DATA FOR PROCESSING |
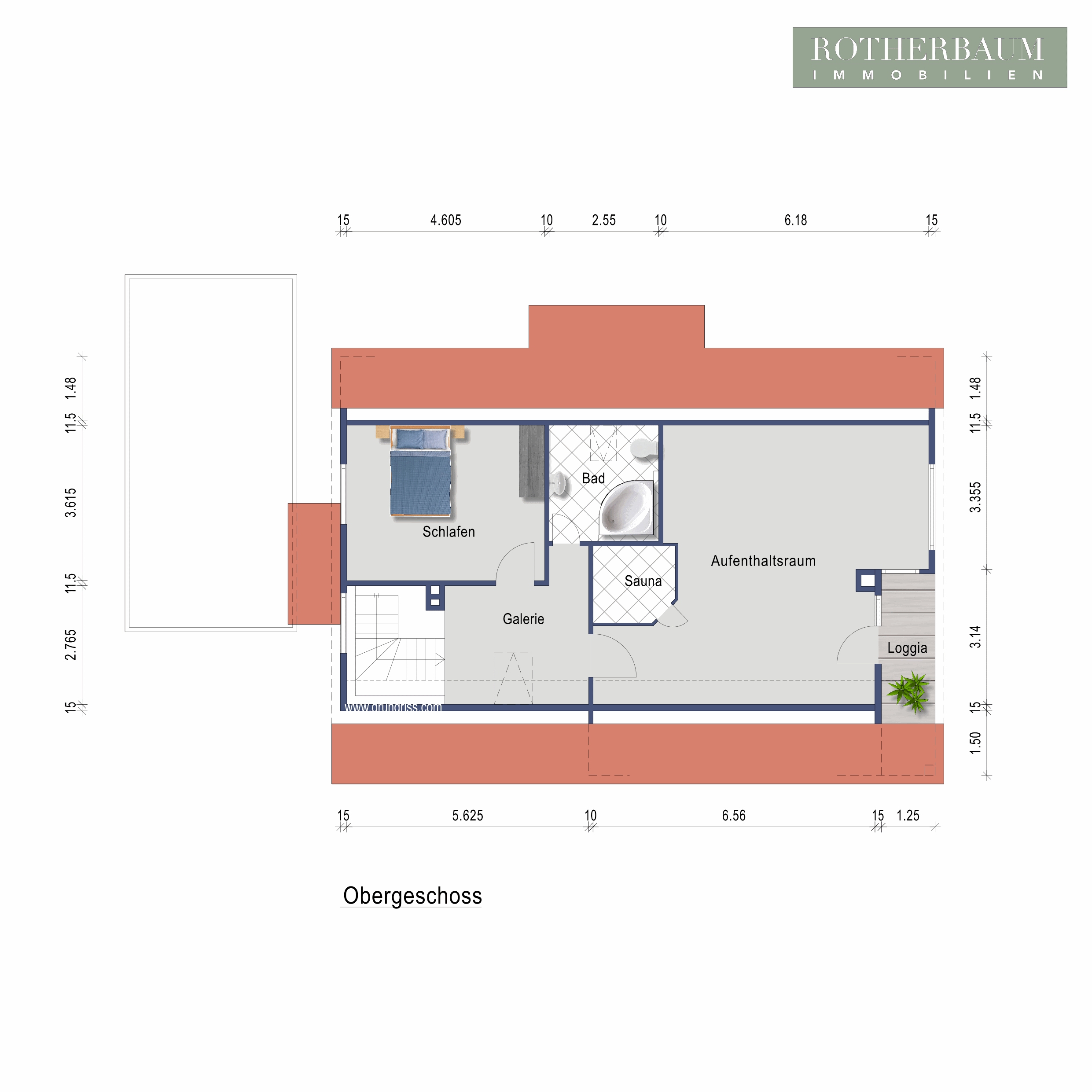 Im Obergeschoß befindet sich das Hauptschlafzimmer mit angrenzendem Vollbad und ein riesiger, etwa 50 qm großer Wohn-/Schlafraum mit vielen Einbauten und Zugang zu einer kleinen, geschützten Terrasse. Hier ließe sich ein wahres Kinderparadies einrichten, aber auch ein Wellness-/Fitnessbereich bietet sich an: eine neuwertige Sauna ist schon vorhanden!
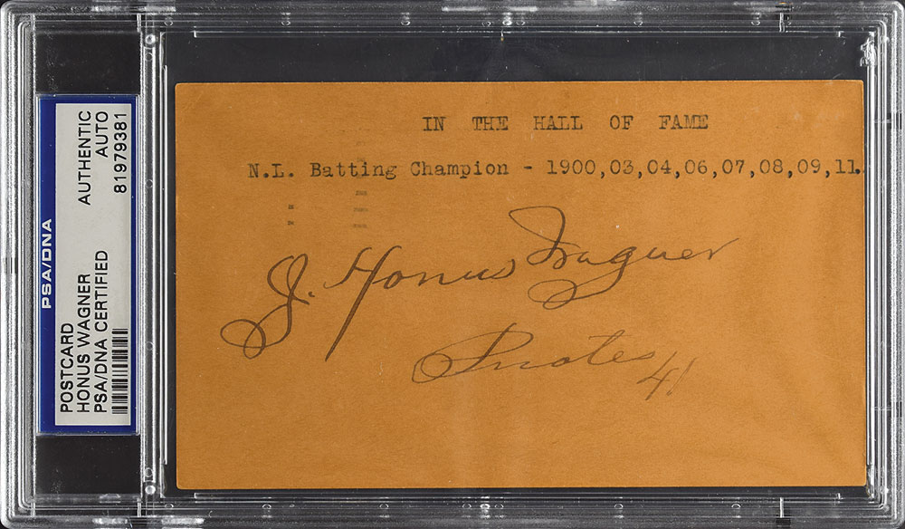 Vintage fountain pen signature, "J. Honus Wagner, Pirates, 41" on an off-white 5.5 x 3.25 government postcard. Reverse postmarked at Philadelphia on June 8, 1941. In fine condition, with overall toning. Encapsulated in a PSA/DNA authentication holder.
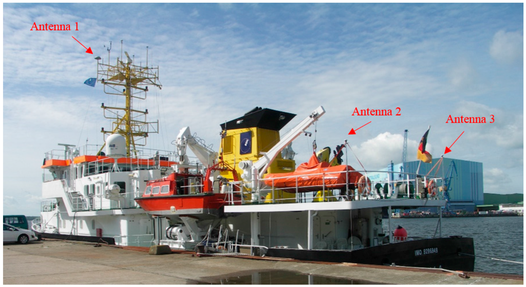 In our study, we used the data of a shipborne gravimetric campaign on the Baltic Sea which was organized by the German Research Centre for Geosciences (GFZ) and the Federal Agency for Cartography and Geodesy (BKG). The gravimetric measurements were taken near Greifswald, Germany from 18 to 27 June 2013. The ship used for this campaign including the arrangement of the GNSS antennas installed thereon is shown in Figure 1. The positions of these antennas were surveyed with respect to the local reference frame of the vessel. Thus, the distances among the multiple GNSS kinematic antennas are known and can be used to improve the accuracy and reliability of the state estimates and to control their uncertainties. However, as explained later on, the distance used in this study was determined in a different way, i.e., from GNSS observation.
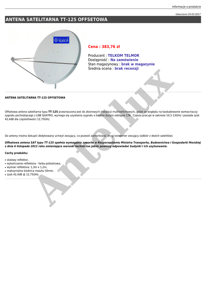 Informacje o produkcie Utworzono 03-03-2017 ANTENA SATELITARNA TT-125 OFFSETOWA Cena : 383,76 zł lu ANTENA SATELITARNA TT-125 OFFSETOWA x Producent : TELKOM TELMOR Dostępność : Na zamówienie Stan magazynowy : brak w magazynie Średnia ocena : brak recenzji te l Offsetowa antena satelitarna typu TT-125 przeznaczona jest do zbiorowych instalacji multiswitchowych, gdzie ze względu na kaskadowanie wzmacniaczy sygnału pochodzącego z LNB QUATRO, wymaga się uzyskania sygnału o bardzo dużym odstępie C/N. Czasza pracuje w zakresie 10,5-13GHz i posiada zysk 42,4dB dla częstotliwości 12,75GHz. Do anteny można dokupić dedykowany uchwyt zezujący, co pozwoli zamontować drugi konwerter zezujący (odbiór z dwóch satelitów). Offsetowa antena SAT typu TT-125 spełnia wymagania zawarte w Rozporządzeniu Ministra Transportu, Budownictwa i Gospodarki Morskiej z dnia 6 listopada 2012 roku zmieniające warunki techniczne jakim powinny odpowiadać budynki i ich usytuowanie. Cechy produktu: ● ● ● ● stalowy reflektor, wykończenie reflektora - farba poliestrowa, wymiar reflektora: 1,3m x 1,2m, maksymalna średnica masztu 50mm, zysk 42,4dB @ 12,75GHz. An ●
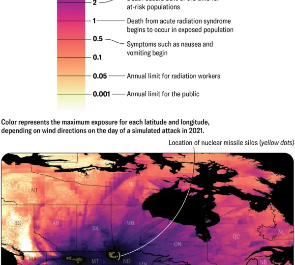 Multiple academic and research institutions have developed models to estimate how radioactive fallout could spread across North America if missile silos or other strategic targets were hit in a nuclear exchange.
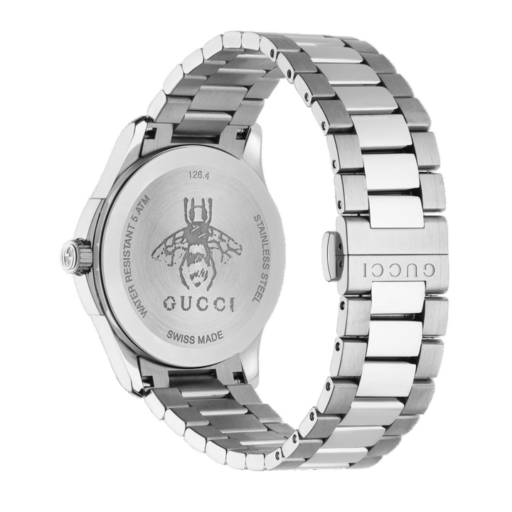 Solid case back. Round case shape. Case size: 38 mm. Case thickness: 8 mm. Band width: 20 mm. Fold over clasp with a push button release. Water resistant at 50 meters / 165 feet. Functions: hour, minute, second. Casual watch style. Watch label: Swiss Made. Gucci G-Timeless
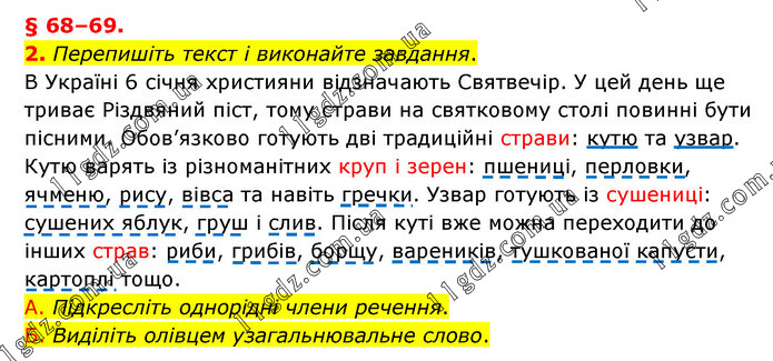 § 68–69. 2. Перепишіть текст і виконайте завдання. В Україні 6 січня християни відзначають Святвечір. У цей день ще триває Різдвяний піст, тому страви на святковому столі повинні бути пісними. Обов’язково готують дві традиційні страви: кутю та узвар. Кутю варять із різноманітних круп і зерен: пшениці, перловки, ячменю, рису, вівса та навіть гречки. Узвар готують із сушениці: сушених яблук, груш і слив. Після куті вже можна переходити до інших страв: риби, грибів, борщу, вареників, тушкованої капусти, картоплі тощо. А. Підкресліть однорідні члени речення. Б. Виділіть олівцем узагальнювальне слово.

PROMPT |
Would you copy, exactly, each line from the start of the listing above through the line with "Vintage fountain pen", both ends included, but none of the pictures?

TASK ANSWER |
 Im Obergeschoß befindet sich das Hauptschlafzimmer mit angrenzendem Vollbad und ein riesiger, etwa 50 qm großer Wohn-/Schlafraum mit vielen Einbauten und Zugang zu einer kleinen, geschützten Terrasse. Hier ließe sich ein wahres Kinderparadies einrichten, aber auch ein Wellness-/Fitnessbereich bietet sich an: eine neuwertige Sauna ist schon vorhanden!
 Vintage fountain pen signature, "J. Honus Wagner, Pirates, 41" on an off-white 5.5 x 3.25 government postcard. Reverse postmarked at Philadelphia on June 8, 1941. In fine condition, with overall toning. Encapsulated in a PSA/DNA authentication holder.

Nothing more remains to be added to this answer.